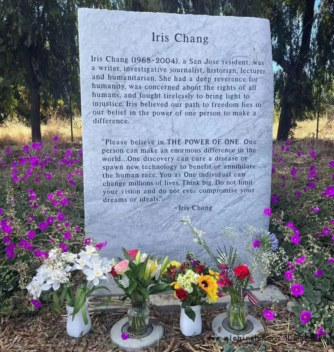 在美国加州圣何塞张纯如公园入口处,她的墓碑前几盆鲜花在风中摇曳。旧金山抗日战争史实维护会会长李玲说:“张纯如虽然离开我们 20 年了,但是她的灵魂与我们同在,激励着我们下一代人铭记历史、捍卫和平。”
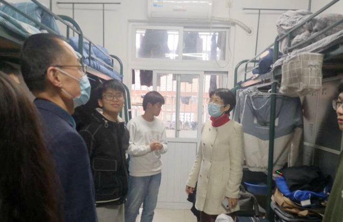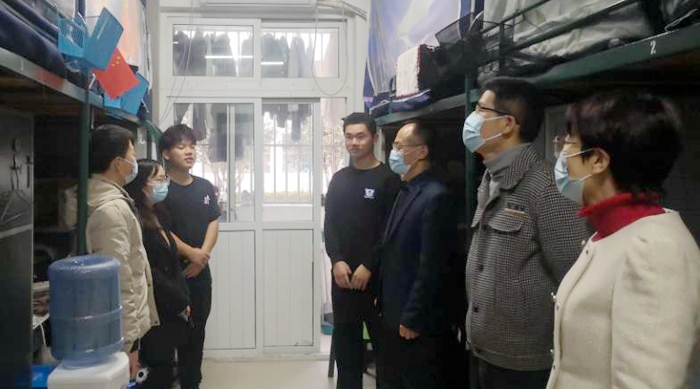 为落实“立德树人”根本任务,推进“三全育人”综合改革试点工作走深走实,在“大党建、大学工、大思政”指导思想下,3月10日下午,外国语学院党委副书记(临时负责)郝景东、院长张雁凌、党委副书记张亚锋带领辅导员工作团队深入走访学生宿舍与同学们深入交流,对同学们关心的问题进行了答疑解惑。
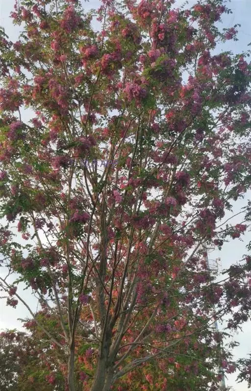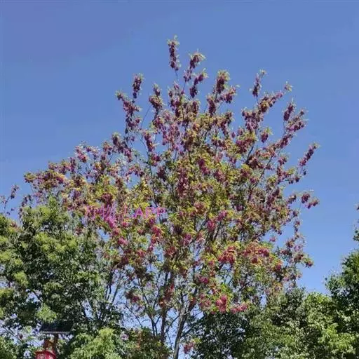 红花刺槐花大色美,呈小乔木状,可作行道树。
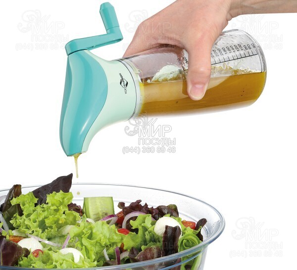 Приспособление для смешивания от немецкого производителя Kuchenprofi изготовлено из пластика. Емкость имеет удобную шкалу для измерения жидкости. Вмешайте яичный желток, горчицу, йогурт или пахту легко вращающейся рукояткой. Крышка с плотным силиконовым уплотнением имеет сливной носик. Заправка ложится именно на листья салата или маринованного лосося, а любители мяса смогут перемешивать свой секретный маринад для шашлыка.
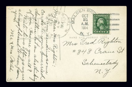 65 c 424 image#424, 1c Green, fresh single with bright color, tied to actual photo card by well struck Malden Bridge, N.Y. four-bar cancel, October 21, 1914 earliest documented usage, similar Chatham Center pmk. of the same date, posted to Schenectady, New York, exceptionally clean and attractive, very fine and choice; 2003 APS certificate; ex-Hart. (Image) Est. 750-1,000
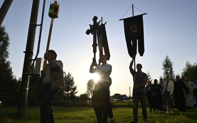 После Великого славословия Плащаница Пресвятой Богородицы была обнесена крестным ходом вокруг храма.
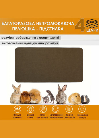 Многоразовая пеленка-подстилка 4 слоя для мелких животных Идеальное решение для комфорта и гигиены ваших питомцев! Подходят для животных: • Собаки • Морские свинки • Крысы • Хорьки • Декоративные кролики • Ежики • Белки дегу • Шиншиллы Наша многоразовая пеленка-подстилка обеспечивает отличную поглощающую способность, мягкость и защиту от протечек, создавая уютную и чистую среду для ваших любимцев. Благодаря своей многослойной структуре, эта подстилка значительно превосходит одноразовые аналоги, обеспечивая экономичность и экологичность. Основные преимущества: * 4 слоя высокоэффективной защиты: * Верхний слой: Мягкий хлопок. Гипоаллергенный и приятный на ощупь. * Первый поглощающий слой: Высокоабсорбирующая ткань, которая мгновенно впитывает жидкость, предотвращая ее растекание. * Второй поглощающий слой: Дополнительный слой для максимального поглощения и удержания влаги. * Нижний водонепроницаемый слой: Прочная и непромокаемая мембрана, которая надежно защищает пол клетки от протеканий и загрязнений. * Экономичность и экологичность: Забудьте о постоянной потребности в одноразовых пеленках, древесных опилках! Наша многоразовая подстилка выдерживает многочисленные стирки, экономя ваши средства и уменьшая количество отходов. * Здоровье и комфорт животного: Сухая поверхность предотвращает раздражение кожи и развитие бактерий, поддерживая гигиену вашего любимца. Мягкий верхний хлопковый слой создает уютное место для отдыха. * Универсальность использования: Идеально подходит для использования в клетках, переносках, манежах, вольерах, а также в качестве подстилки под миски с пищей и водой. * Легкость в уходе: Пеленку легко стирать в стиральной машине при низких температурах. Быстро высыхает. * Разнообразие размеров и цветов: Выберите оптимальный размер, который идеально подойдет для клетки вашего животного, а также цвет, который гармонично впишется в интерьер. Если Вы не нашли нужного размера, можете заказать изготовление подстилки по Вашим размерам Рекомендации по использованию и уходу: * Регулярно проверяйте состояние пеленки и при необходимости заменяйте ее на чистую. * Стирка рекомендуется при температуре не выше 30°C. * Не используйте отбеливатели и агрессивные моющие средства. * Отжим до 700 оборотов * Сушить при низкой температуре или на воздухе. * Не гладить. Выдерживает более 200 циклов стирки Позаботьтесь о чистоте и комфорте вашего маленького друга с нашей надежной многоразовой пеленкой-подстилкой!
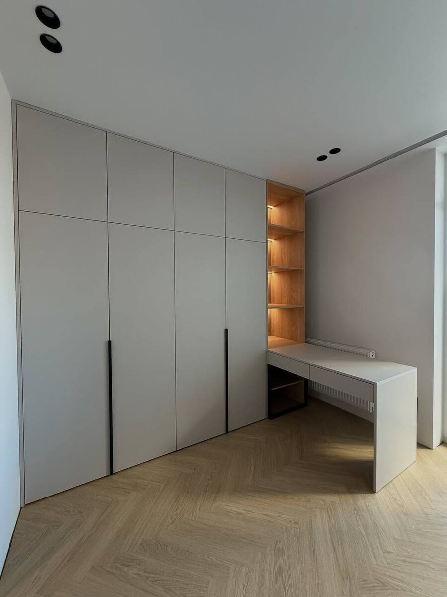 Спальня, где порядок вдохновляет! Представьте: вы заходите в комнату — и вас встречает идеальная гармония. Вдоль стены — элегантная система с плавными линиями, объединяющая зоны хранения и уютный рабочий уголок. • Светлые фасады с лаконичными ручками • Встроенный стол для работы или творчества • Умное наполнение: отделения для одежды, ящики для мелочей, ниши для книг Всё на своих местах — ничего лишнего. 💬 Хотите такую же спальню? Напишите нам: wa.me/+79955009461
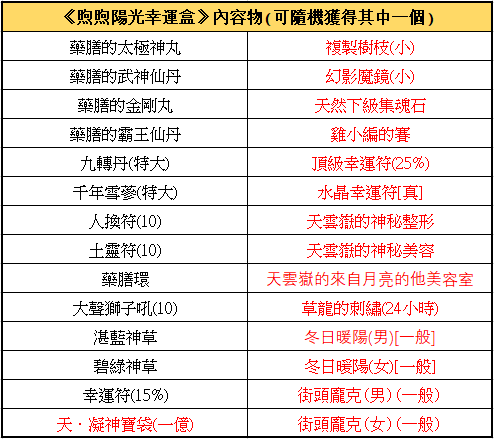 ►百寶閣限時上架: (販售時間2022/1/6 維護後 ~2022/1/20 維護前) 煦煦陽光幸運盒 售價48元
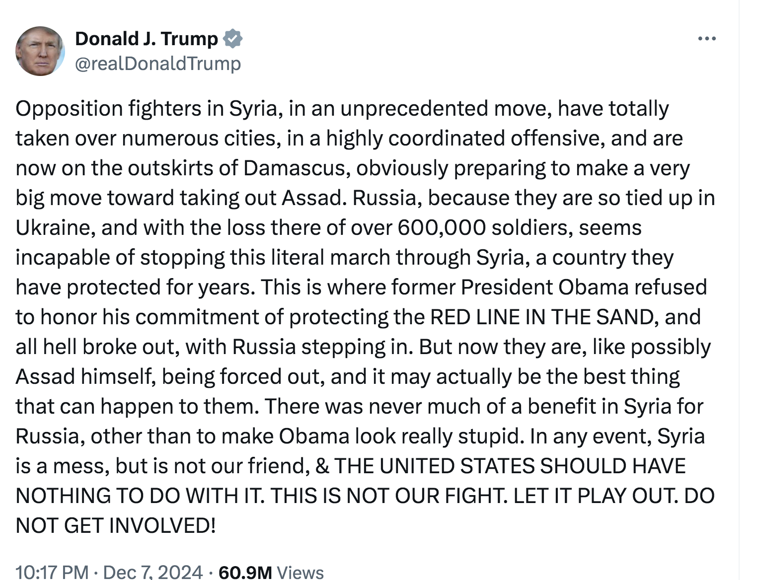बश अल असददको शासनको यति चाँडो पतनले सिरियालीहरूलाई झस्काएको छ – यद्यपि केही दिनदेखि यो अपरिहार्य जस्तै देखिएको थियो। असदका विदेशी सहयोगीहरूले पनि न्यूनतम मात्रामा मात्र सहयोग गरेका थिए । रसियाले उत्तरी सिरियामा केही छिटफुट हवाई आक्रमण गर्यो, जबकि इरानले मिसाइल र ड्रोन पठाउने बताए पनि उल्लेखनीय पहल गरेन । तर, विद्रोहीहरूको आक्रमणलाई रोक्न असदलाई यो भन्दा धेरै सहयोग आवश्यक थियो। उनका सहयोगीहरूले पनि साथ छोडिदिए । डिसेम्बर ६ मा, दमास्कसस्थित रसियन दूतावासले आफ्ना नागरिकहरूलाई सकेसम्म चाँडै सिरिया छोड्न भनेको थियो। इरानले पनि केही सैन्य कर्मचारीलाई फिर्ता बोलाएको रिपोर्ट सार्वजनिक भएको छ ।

= GOAL OF THE EXERCISE =
Copy out every entry above verbatim. Leave each picture out.

= SOLUTION FOR THIS EXERCISE =
 在美国加州圣何塞张纯如公园入口处,她的墓碑前几盆鲜花在风中摇曳。旧金山抗日战争史实维护会会长李玲说:“张纯如虽然离开我们 20 年了,但是她的灵魂与我们同在,激励着我们下一代人铭记历史、捍卫和平。”
 为落实“立德树人”根本任务,推进“三全育人”综合改革试点工作走深走实,在“大党建、大学工、大思政”指导思想下,3月10日下午,外国语学院党委副书记(临时负责)郝景东、院长张雁凌、党委副书记张亚锋带领辅导员工作团队深入走访学生宿舍与同学们深入交流,对同学们关心的问题进行了答疑解惑。
 红花刺槐花大色美,呈小乔木状,可作行道树。
 Приспособление для смешивания от немецкого производителя Kuchenprofi изготовлено из пластика. Емкость имеет удобную шкалу для измерения жидкости. Вмешайте яичный желток, горчицу, йогурт или пахту легко вращающейся рукояткой. Крышка с плотным силиконовым уплотнением имеет сливной носик. Заправка ложится именно на листья салата или маринованного лосося, а любители мяса смогут перемешивать свой секретный маринад для шашлыка.
 65 c 424 image#424, 1c Green, fresh single with bright color, tied to actual photo card by well struck Malden Bridge, N.Y. four-bar cancel, October 21, 1914 earliest documented usage, similar Chatham Center pmk. of the same date, posted to Schenectady, New York, exceptionally clean and attractive, very fine and choice; 2003 APS certificate; ex-Hart. (Image) Est. 750-1,000
 После Великого славословия Плащаница Пресвятой Богородицы была обнесена крестным ходом вокруг храма.
 Многоразовая пеленка-подстилка 4 слоя для мелких животных Идеальное решение для комфорта и гигиены ваших питомцев! Подходят для животных: • Собаки • Морские свинки • Крысы • Хорьки • Декоративные кролики • Ежики • Белки дегу • Шиншиллы Наша многоразовая пеленка-подстилка обеспечивает отличную поглощающую способность, мягкость и защиту от протечек, создавая уютную и чистую среду для ваших любимцев. Благодаря своей многослойной структуре, эта подстилка значительно превосходит одноразовые аналоги, обеспечивая экономичность и экологичность. Основные преимущества: * 4 слоя высокоэффективной защиты: * Верхний слой: Мягкий хлопок. Гипоаллергенный и приятный на ощупь. * Первый поглощающий слой: Высокоабсорбирующая ткань, которая мгновенно впитывает жидкость, предотвращая ее растекание. * Второй поглощающий слой: Дополнительный слой для максимального поглощения и удержания влаги. * Нижний водонепроницаемый слой: Прочная и непромокаемая мембрана, которая надежно защищает пол клетки от протеканий и загрязнений. * Экономичность и экологичность: Забудьте о постоянной потребности в одноразовых пеленках, древесных опилках! Наша многоразовая подстилка выдерживает многочисленные стирки, экономя ваши средства и уменьшая количество отходов. * Здоровье и комфорт животного: Сухая поверхность предотвращает раздражение кожи и развитие бактерий, поддерживая гигиену вашего любимца. Мягкий верхний хлопковый слой создает уютное место для отдыха. * Универсальность использования: Идеально подходит для использования в клетках, переносках, манежах, вольерах, а также в качестве подстилки под миски с пищей и водой. * Легкость в уходе: Пеленку легко стирать в стиральной машине при низких температурах. Быстро высыхает. * Разнообразие размеров и цветов: Выберите оптимальный размер, который идеально подойдет для клетки вашего животного, а также цвет, который гармонично впишется в интерьер. Если Вы не нашли нужного размера, можете заказать изготовление подстилки по Вашим размерам Рекомендации по использованию и уходу: * Регулярно проверяйте состояние пеленки и при необходимости заменяйте ее на чистую. * Стирка рекомендуется при температуре не выше 30°C. * Не используйте отбеливатели и агрессивные моющие средства. * Отжим до 700 оборотов * Сушить при низкой температуре или на воздухе. * Не гладить. Выдерживает более 200 циклов стирки Позаботьтесь о чистоте и комфорте вашего маленького друга с нашей надежной многоразовой пеленкой-подстилкой!
 Спальня, где порядок вдохновляет! Представьте: вы заходите в комнату — и вас встречает идеальная гармония. Вдоль стены — элегантная система с плавными линиями, объединяющая зоны хранения и уютный рабочий уголок. • Светлые фасады с лаконичными ручками • Встроенный стол для работы или творчества • Умное наполнение: отделения для одежды, ящики для мелочей, ниши для книг Всё на своих местах — ничего лишнего. 💬 Хотите такую же спальню? Напишите нам: wa.me/+79955009461
 ►百寶閣限時上架: (販售時間2022/1/6 維護後 ~2022/1/20 維護前) 煦煦陽光幸運盒 售價48元
बश अल असददको शासनको यति चाँडो पतनले सिरियालीहरूलाई झस्काएको छ – यद्यपि केही दिनदेखि यो अपरिहार्य जस्तै देखिएको थियो। असदका विदेशी सहयोगीहरूले पनि न्यूनतम मात्रामा मात्र सहयोग गरेका थिए । रसियाले उत्तरी सिरियामा केही छिटफुट हवाई आक्रमण गर्यो, जबकि इरानले मिसाइल र ड्रोन पठाउने बताए पनि उल्लेखनीय पहल गरेन । तर, विद्रोहीहरूको आक्रमणलाई रोक्न असदलाई यो भन्दा धेरै सहयोग आवश्यक थियो। उनका सहयोगीहरूले पनि साथ छोडिदिए । डिसेम्बर ६ मा, दमास्कसस्थित रसियन दूतावासले आफ्ना नागरिकहरूलाई सकेसम्म चाँडै सिरिया छोड्न भनेको थियो। इरानले पनि केही सैन्य कर्मचारीलाई फिर्ता बोलाएको रिपोर्ट सार्वजनिक भएको छ ।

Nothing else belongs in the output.